In heterotypic fusion, late endosomes fused with lysosomes in a bridge-like manner. This may be because lysosomes are too large in comparison with late endosomes and actin accumulation on the lysosomal membrane is scarce, resulting in insufficient force of actin for explosive fusion. Bridge fusion was previously observed in live cells only when giant vesicles were artificially generated by gene modification, for example, in endosomes enlarged by expression of constitutively active Rab5 (Roberts et al., 1999) and lysosomes enlarged in the intestinal cells of ppk-3-deleted C. elegans (Nicot et al., 2006). These findings suggest that the enlargement of these vesicles exceeds the intrinsic forces of actin to induce explosive fusion.
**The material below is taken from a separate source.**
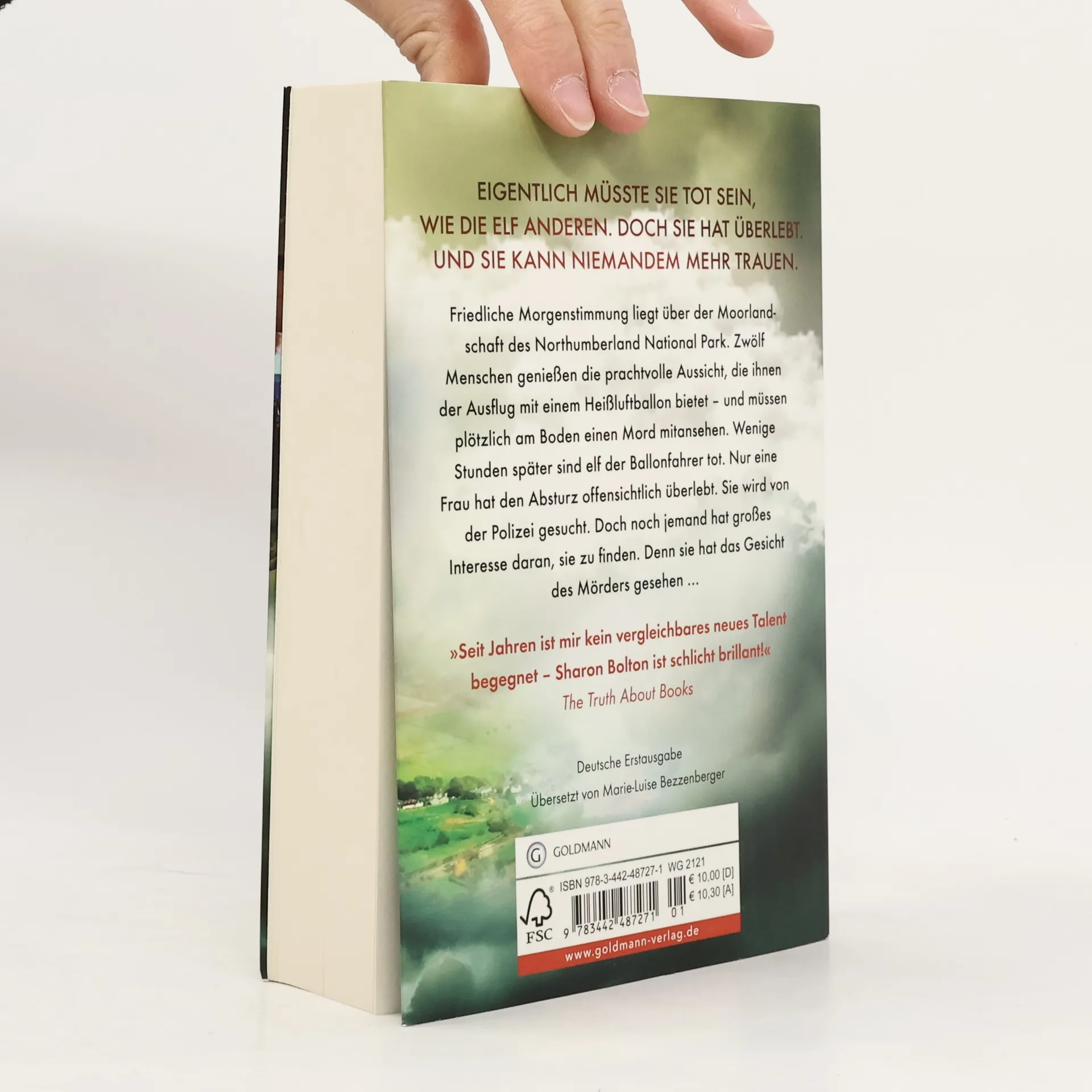 »Sharon Bolton ist die weibliche Ausgabe von Simon Beckett.« www. denglers-buchkritik. de Atmosphärische Handlung, vielschichtige Charaktere und mörderische Spannung – das sind Boltons Markenzeichen.Friedliche Morgenstimmung liegt über den Hügeln und Wäldern nahe der schottischen Grenze. Zwölf Menschen genießen die prachtvolle Aussicht, die ihnen der Ausflug mit einem Heißluftballon bietet – und müssen plötzlich mit ansehen, wie am Boden eine Frau erschlagen wird. Als der Mörder von seinem Opfer ablässt und den Blick gen Himmel richtet, steht das Schicksal dieser Menschen auf Messers Schneide. Der Mann schultert sein Gewehr und nimmt die Verfolgung auf. Eine grausame Jagd beginnt. Am Ende wird nur eine Zeugin entkommen. Sie kennt das Gesicht des Mörders. Und er kennt ihres. Nun läuft sie um ihr Leben.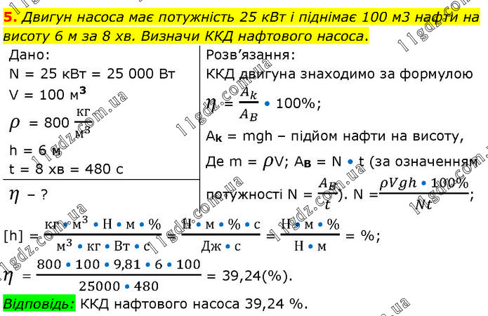 Двигун насоса має потужність 25 кВт і піднімає 100 м3 нафти на висоту 6 м за 8 хв. Визначи ККД нафтового насоса. Дано: N = 25 кВт = 25 000 Вт; V = 100 м3; ρ = 800 кг/м^3 ; h = 6 м; t = 8 хв = 480 с. Розв’язання: ККД двигуна знаходимо за формулою η = A_k/A_B • 100%; Ak = mgh – підйом нафти на висоту, де m = ρV; AB = N • t (за означенням потужності N = A_B/t). N = (ρVgh • 100%)/Nt; η – ? [η] = (кг • м^3 • Н • м • %)/(м^3 • кг • Вт • с) = (Н • м • % • с)/(Дж • с) = (Н • м • %)/(Н • м) = %; η = (800 • 100 • 9,81 • 6 • 100)/(25000 • 480) = 39,24(%). Відповідь: ККД нафтового насоса 39,24 %.

Like homotypic fusion, heterotypic fusion is also dependent on actin, as shown by reduction in fusion frequency upon cytochalasin D treatment. Intriguingly, in heterotypic fusion, NM II, myosin V, and stabilized actin filaments, but not Arp2/3, were required, indicating a distinct contribution of actin to heterotypic fusion when compared with homotypic fusion. We showed that, consistent with the well-known roles of myosin V in trafficking of lysosomes, ER, melanosomes, and synaptic vesicles (Hammer and Sellers, 2011), myosin V facilitates the directional transport of late endosomes towards lysosomes along stabilized actin filaments that serve as a rail (Figure 10). Moreover, our results indicate that NM II, which is primarily responsible for generating contractile force (Svitkina, 2018), partially contributes to heterotypic fusion. It is well established that NM II facilitates the constriction of the membrane into the plasma membrane after membrane pore formation in exocytosis (Ebrahim et al., 2019) in cooperation with actin depolymerization by cofilin-1 (Miklavc et al., 2015). In contrast, our data showed that actomyosin appeared not to form a lattice on the surface of endosomes for the contraction and that cofilin did not show a robust influence on heterotypic fusion. Rather, actin stabilization tended to promote heterotypic fusion (Figure 8A and B). These data suggest that NM II may contribute to heterotypic fusion through a different mechanism from that of exocytosis. NM II is also implicated in the movement of the nucleus along with cell migration, which is akin to a ‘conveyor-belt’ by the sliding of the nuclear membrane along the actin filament (Gomes et al., 2005). Further investigation is necessary to elucidate the mechanisms by which NM II transports late endosomes along actin filaments.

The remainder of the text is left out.